B is also in the Roxburghe collection, III, 10.
B a is printed in Ritson's Robin Hood, 1795, II, 128. Evans, Old Ballads, 1777, 1784, I, 196 follows the Aldermary garland.
A. Little John, meaning to go a begging, induces an old mendicant to change clothes with him and to give him some hints how to conduct himself. Thus prepared he attempts to attach himself to three palmers, who, however, do not covet his company. One of the palmers gives John a whack on the head. We may conjecture, from the course of the story in B, that John serves them all accordingly, and takes from them so much money that, if he had kept on in this way, he might, as he says, have bought churches.

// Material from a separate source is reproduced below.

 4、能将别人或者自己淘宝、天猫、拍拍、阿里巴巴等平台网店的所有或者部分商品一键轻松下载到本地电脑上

The beginning of A is very like that of Robin Hood rescuing Three Squires, A; but the disguise is for a different object. We are reminded again of Hind Horn, and particularly of versions C, G, H, in which the beggar, after change of clothes, is asked for instructions.

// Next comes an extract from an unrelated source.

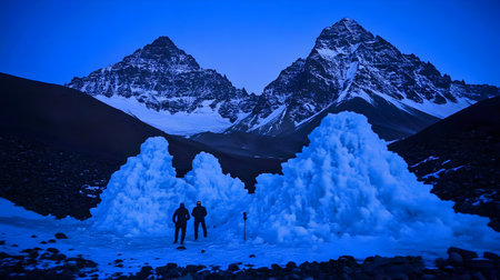 A group of hikers stands at the mountain's edge, silhouetted against the backdrop of snow-capped peaks. The captivating landscape inspires adventure and exploration.

B. John is deputed by Robin to go a begging, and asks to be provided with staff, coat, and bags. He joins four sham beggars, one of whom takes him a knock on the crown. John makes the dumb to speak and the halt to run, and bangs them against the wall, then gets from one's cloak three hundred pound, and from another's bag three hundred and three, which he thinks is doing well enough to warrant his return to Sherwood.
B is translated by Anastasius Grün, p. 155.